Items from a data source:
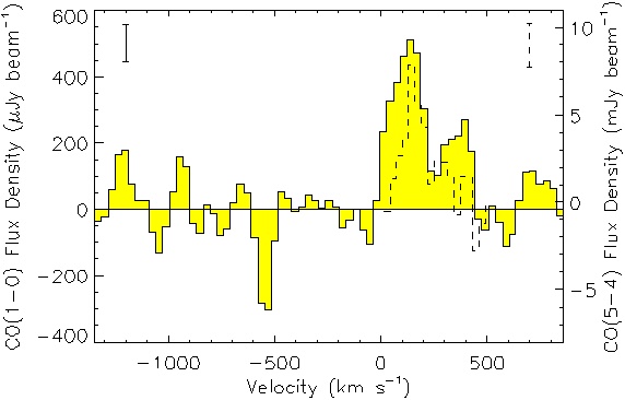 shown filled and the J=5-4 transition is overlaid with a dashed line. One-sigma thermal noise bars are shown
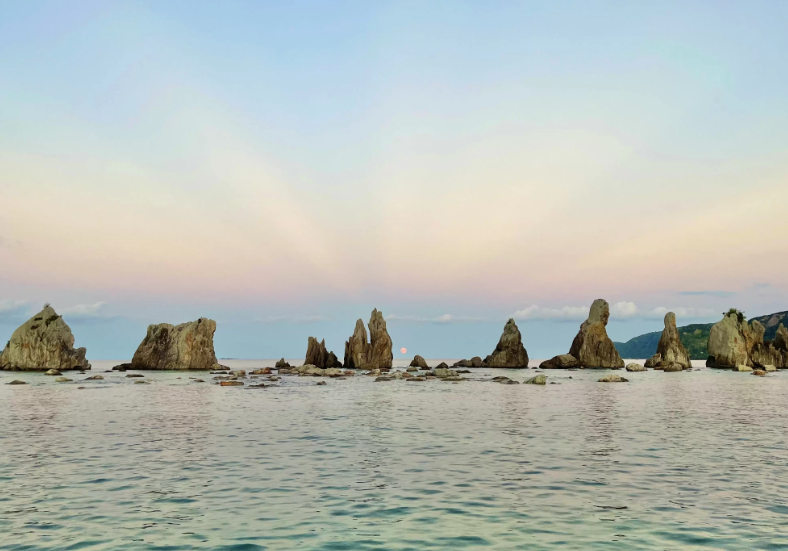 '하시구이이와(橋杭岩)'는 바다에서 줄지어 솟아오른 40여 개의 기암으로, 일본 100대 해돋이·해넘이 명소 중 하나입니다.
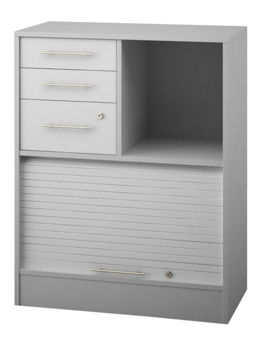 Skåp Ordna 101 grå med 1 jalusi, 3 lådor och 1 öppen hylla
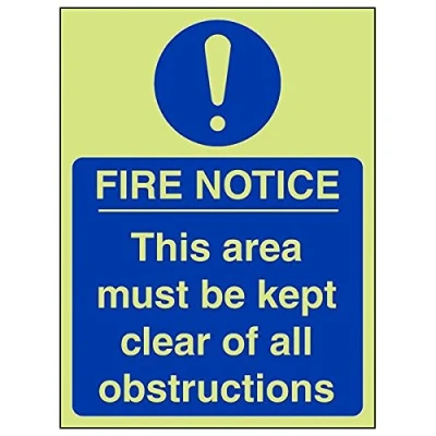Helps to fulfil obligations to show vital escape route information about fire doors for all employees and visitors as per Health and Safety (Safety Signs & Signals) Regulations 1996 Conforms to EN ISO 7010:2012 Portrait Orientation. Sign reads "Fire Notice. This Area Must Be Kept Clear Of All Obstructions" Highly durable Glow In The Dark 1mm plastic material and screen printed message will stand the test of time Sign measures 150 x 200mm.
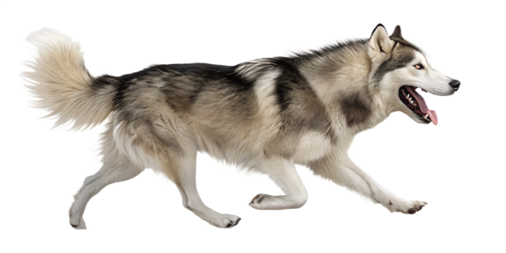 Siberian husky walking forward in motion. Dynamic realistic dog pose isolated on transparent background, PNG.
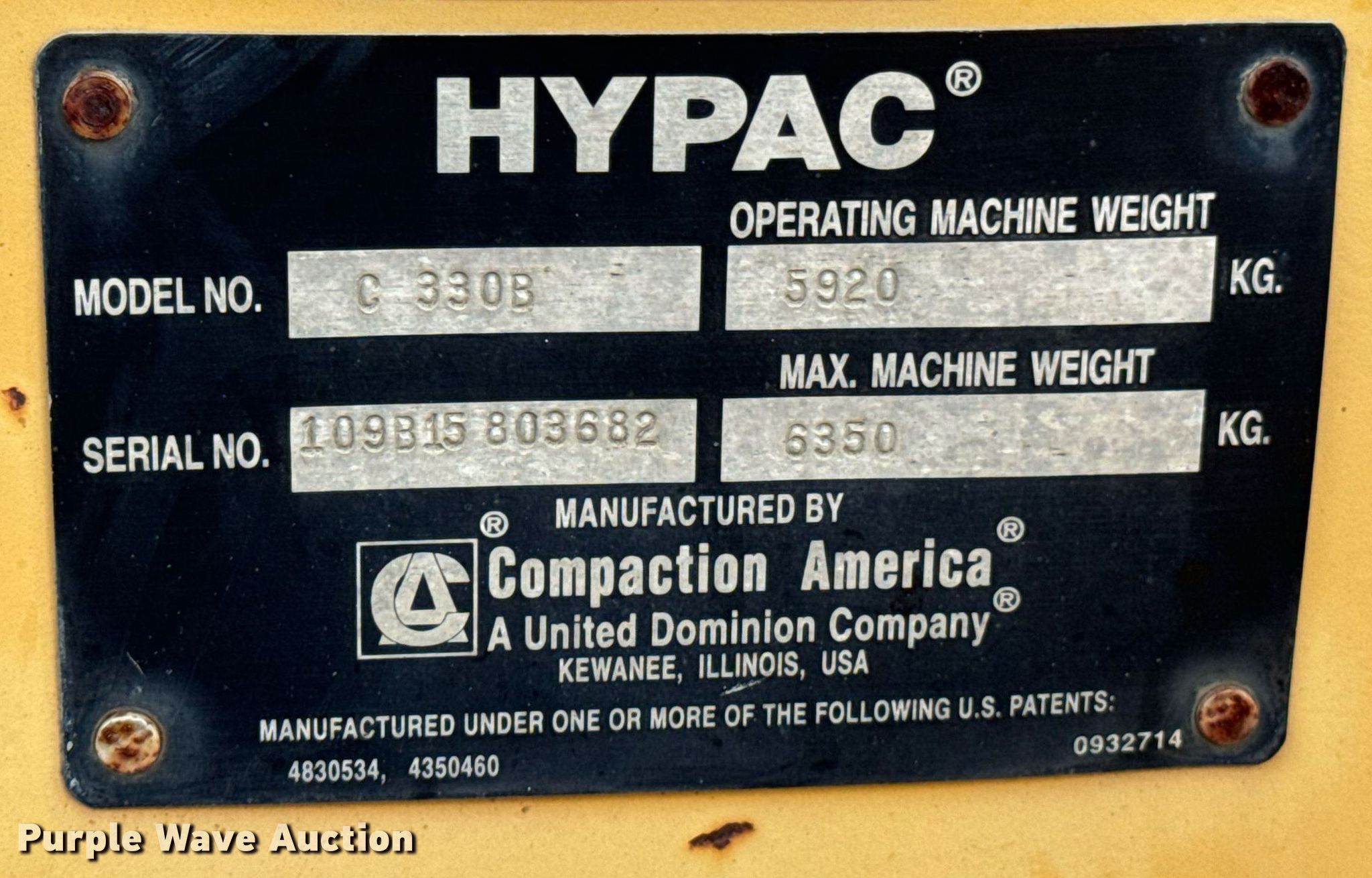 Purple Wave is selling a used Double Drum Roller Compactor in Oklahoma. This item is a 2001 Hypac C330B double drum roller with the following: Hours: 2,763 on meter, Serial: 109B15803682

**Required work:** Each entry needs to be retyped exactly; the pictures stay out.

**Written solution:**
 shown filled and the J=5-4 transition is overlaid with a dashed line. One-sigma thermal noise bars are shown
 '하시구이이와(橋杭岩)'는 바다에서 줄지어 솟아오른 40여 개의 기암으로, 일본 100대 해돋이·해넘이 명소 중 하나입니다.
 Skåp Ordna 101 grå med 1 jalusi, 3 lådor och 1 öppen hylla
Helps to fulfil obligations to show vital escape route information about fire doors for all employees and visitors as per Health and Safety (Safety Signs & Signals) Regulations 1996 Conforms to EN ISO 7010:2012 Portrait Orientation. Sign reads "Fire Notice. This Area Must Be Kept Clear Of All Obstructions" Highly durable Glow In The Dark 1mm plastic material and screen printed message will stand the test of time Sign measures 150 x 200mm.
 Siberian husky walking forward in motion. Dynamic realistic dog pose isolated on transparent background, PNG.
 Purple Wave is selling a used Double Drum Roller Compactor in Oklahoma. This item is a 2001 Hypac C330B double drum roller with the following: Hours: 2,763 on meter, Serial: 109B15803682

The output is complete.